*Dataset section*.
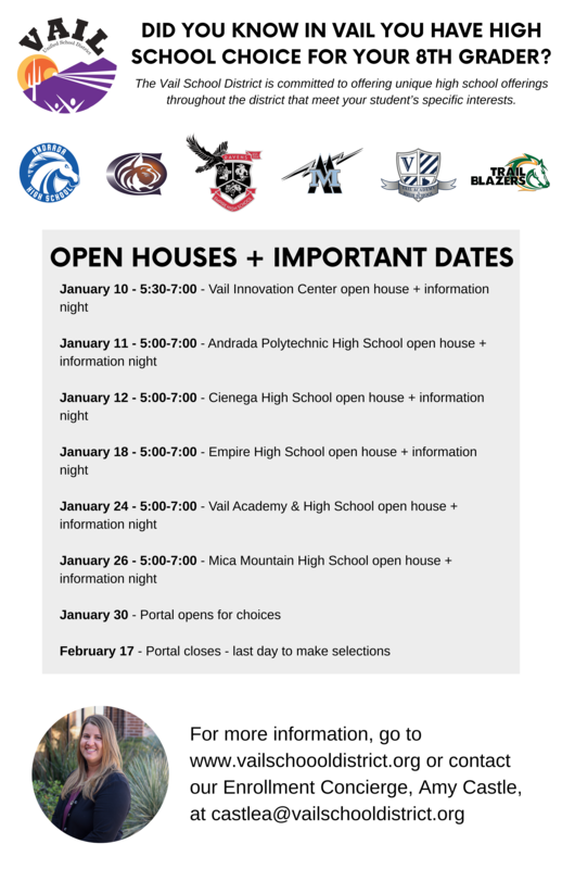 The Vail School District believes in providing parents with a choice of the high school that their children attend. Our community in partnership with the school district has created six unique high schools from which parents can choose.
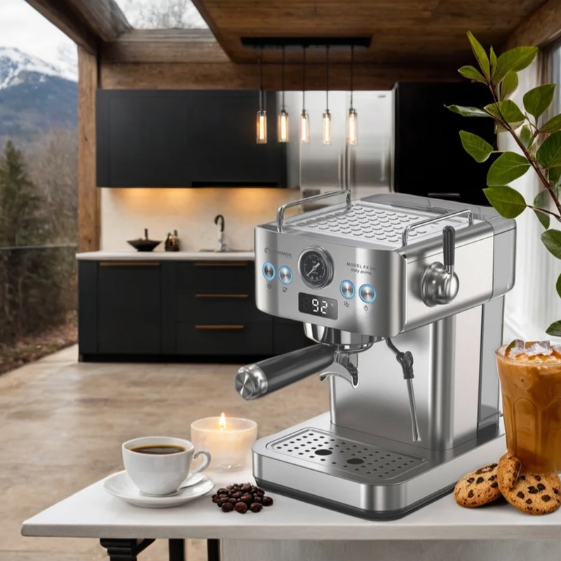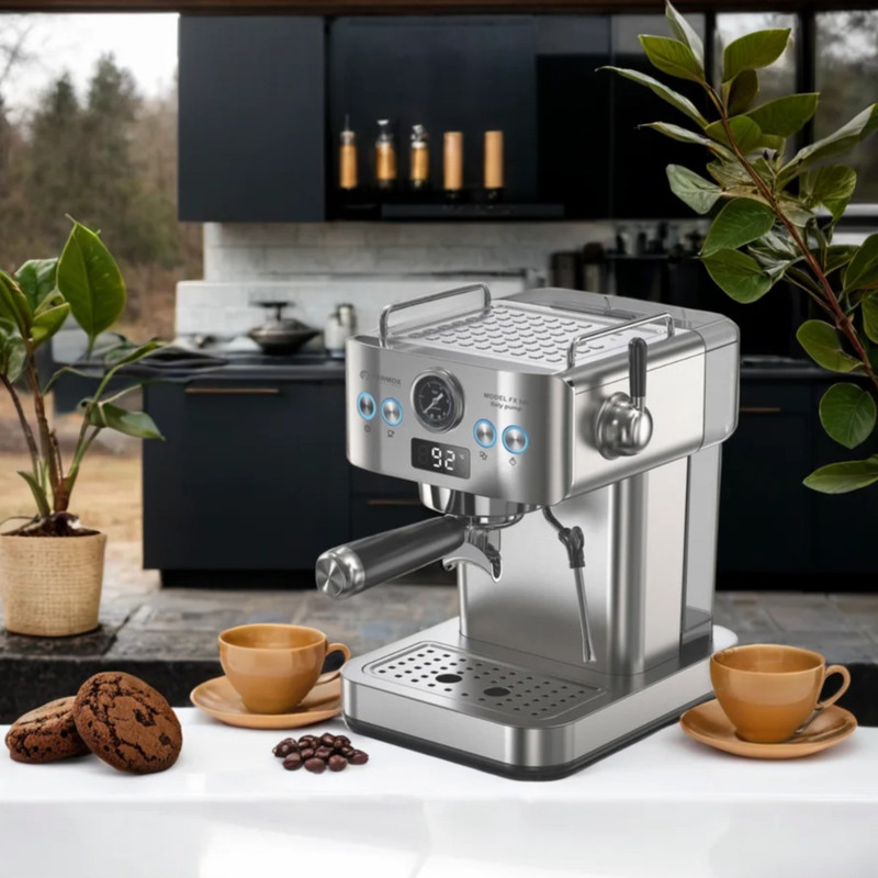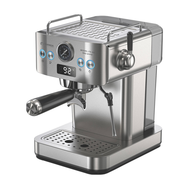 این دستگاه دارای یک عقربه فشار سنج و همچنین یک صفحه دیجیتال نشانگر دمای اب و بخار میباشد ، مدل FX240 فارموکس مناسب افراد سخت پسندی میباشد که به دنبال تهیه یک اسپرسوی حرفه ای هستند ، و همچنین کاربری ساده و اسان از دستگاه .
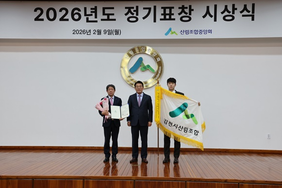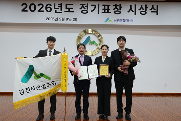 김천시산림조합(조합장 이도희)은 2026. 02. 09.(월) 13시 30분 산림조합중앙회(9층 대회의실)에서 열린 “2026년 정기총회 표창 시상식”에서2025년 하반기 산림조합 상호금융 업적평가 금상을 수상하는 영광을 차지하였다.

*Task requirements*. Transcribe the material above word for word; images do not belong in the copy.

*Finished exercise*.
 The Vail School District believes in providing parents with a choice of the high school that their children attend. Our community in partnership with the school district has created six unique high schools from which parents can choose.
 این دستگاه دارای یک عقربه فشار سنج و همچنین یک صفحه دیجیتال نشانگر دمای اب و بخار میباشد ، مدل FX240 فارموکس مناسب افراد سخت پسندی میباشد که به دنبال تهیه یک اسپرسوی حرفه ای هستند ، و همچنین کاربری ساده و اسان از دستگاه .
 김천시산림조합(조합장 이도희)은 2026. 02. 09.(월) 13시 30분 산림조합중앙회(9층 대회의실)에서 열린 “2026년 정기총회 표창 시상식”에서2025년 하반기 산림조합 상호금융 업적평가 금상을 수상하는 영광을 차지하였다.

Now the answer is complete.